As far as a gap in the timing of a physical relationship.... I mean, that's a hard question to answer. I could give you a line around the block of women (both foreign and Korean) who would definitely beg to differ. Men are men, and people are people, -- desire is desire, and things will happen, as they are wont to do, regardless of culture. If you catch my drift.
I think where the difference lies is not so much in the across-the-board "rules" of physical relationships, so much as in the disparity between a "conservative" American and a "conservative" Korean.

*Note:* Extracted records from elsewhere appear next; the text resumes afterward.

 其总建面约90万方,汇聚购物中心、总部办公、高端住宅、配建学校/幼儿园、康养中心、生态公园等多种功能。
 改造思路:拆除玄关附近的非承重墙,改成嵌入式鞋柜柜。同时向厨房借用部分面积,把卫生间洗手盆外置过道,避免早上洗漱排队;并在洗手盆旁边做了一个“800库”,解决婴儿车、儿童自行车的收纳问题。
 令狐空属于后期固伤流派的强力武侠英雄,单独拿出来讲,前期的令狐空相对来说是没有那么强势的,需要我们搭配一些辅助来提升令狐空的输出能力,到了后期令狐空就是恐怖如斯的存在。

Korea has been modernizing and Westernizing at a break-neck pace, and the young people are becoming more independent and more rebellious toward the traditional ways of life in a pattern that naturally follows -- the difference between a 30 year old Korean man and a 20 year old Korean man, and the ideals that each holds in regards to dating is pretty astounding. And the gap between a conservative Korean and a liberal Korean, in regards to such things, is pretty big. Whereas a conservative American man may wait ten dates to sleep with a woman for the first time, a conservative Korean man is more likely to push it up into the months-to-years territory. And probably won't touch you at all for several dates. Both of their liberal counterparts, however, are likely to grab your hand straight away, and try it on by the first or second date. The funny thing is, within the frame of the original question, in my experience, the ones who try it on the quickest have usually been the least responsible, most childish of the bunch.

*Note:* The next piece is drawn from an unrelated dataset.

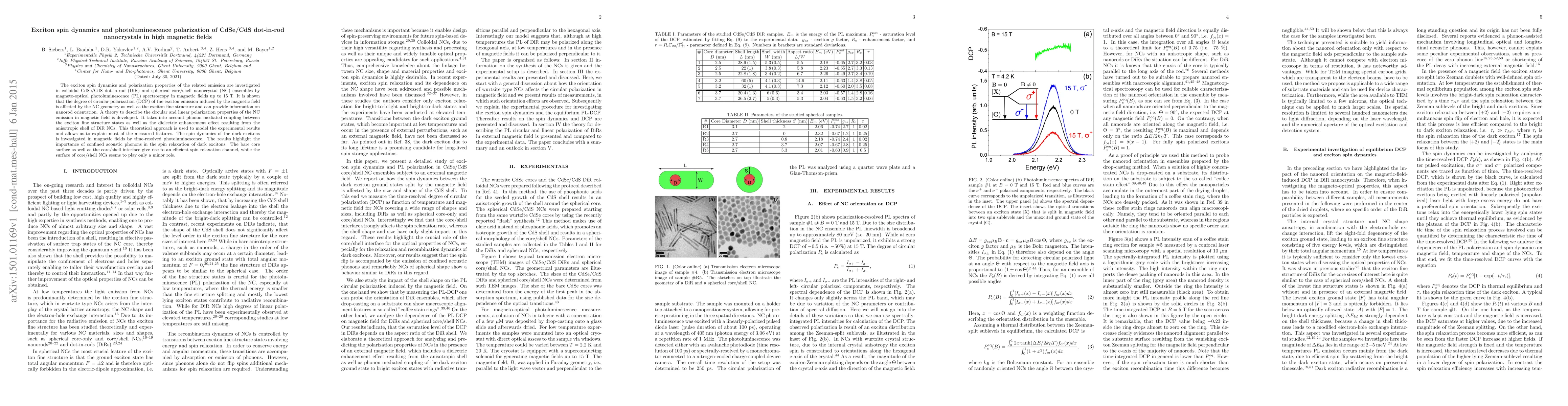 The exciton spin dynamics and polarization properties of the related emission are investigated in colloidal CdSe/CdS dot-in-rod (DiR) and spherical core/shell nanocrystal (NC) ensembles by magneto-optical photoluminescence (PL) spectroscopy in magnetic fields up to 15 T. It is shown that the degree of circular polarization (DCP) of the exciton emission induced by the magnetic field is affected by the NC geometry as well as the exciton fine structure and can provide information on nanorod orientation. A theory to describe the circular and linear polarization properties of the NC emission in magnetic field is developed. It takes into account phonon mediated coupling between the exciton fine structure states as well as the dielectric enhancement effect resulting from the anisotropic shell of DiR NCs. This theoretical approach is used to model the experimental results and allows us to explain most of the measured features. The spin dynamics of the dark excitons is investigated in magnetic fields by time-resolved photoluminescence. The results highlight the importance of confined acoustic phonons in the spin relaxation of dark excitons. The bare core surface as well as the core/shell interface give rise to an efficient spin relaxation channel, while the surface of core/shell NCs seems to play only a minor role.
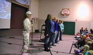 A few teachers came up to help act out some of the behaviors they would rather not see in the classroom, such as leaving trash all over and interrupting others. The third through fifth graders laughed and clapped as Klinkerman drilled their teachers, making the teachers salute and stand in a straight row.

Skinship (or non-sexual physical affection) is also in and of itself a different ballgame. I've had girlfriends who slept (or who were intending to sleep) with a man on the first date turn right around and complain about how he tried to kiss, hold hands, or otherwise touch them far too early in the evening. That will sound strange to someone who hasn't been living or dating in Korea very long, but to me (and to them), it makes perfect sense. A man trying to casually touch you too soon, and especially in public, generally gives the feeling of being too aggressive and possibly of having the wrong intentions, in a manner which is completely unrelated to whether or not he is invited up at the end of the night.
The long and the short of it is, the rules are not just on a different scale or in a different order -- they're completely different. And that's why trying to create a /=/ relationship between them is so difficult -- because, as far as I can tell, there is no such relationship. It's just a matter of relearning your "instincts". Which, oddly enough, myself and most of my friends have found to be most difficult in reverse. As in, we find it more difficult to shift back to the Western way of thinking than we did adjusting to the Korean way to begin with. I assume that's what your daughter's friend is going through, as well.
It's something that's very difficult to explain (at least for me), and I don't know if I've done it much justice, so I can understand why your daughter's friend may have resorted to putting it into such terms. Because, in truth, it's very difficult to verbalize to someone who doesn't already know.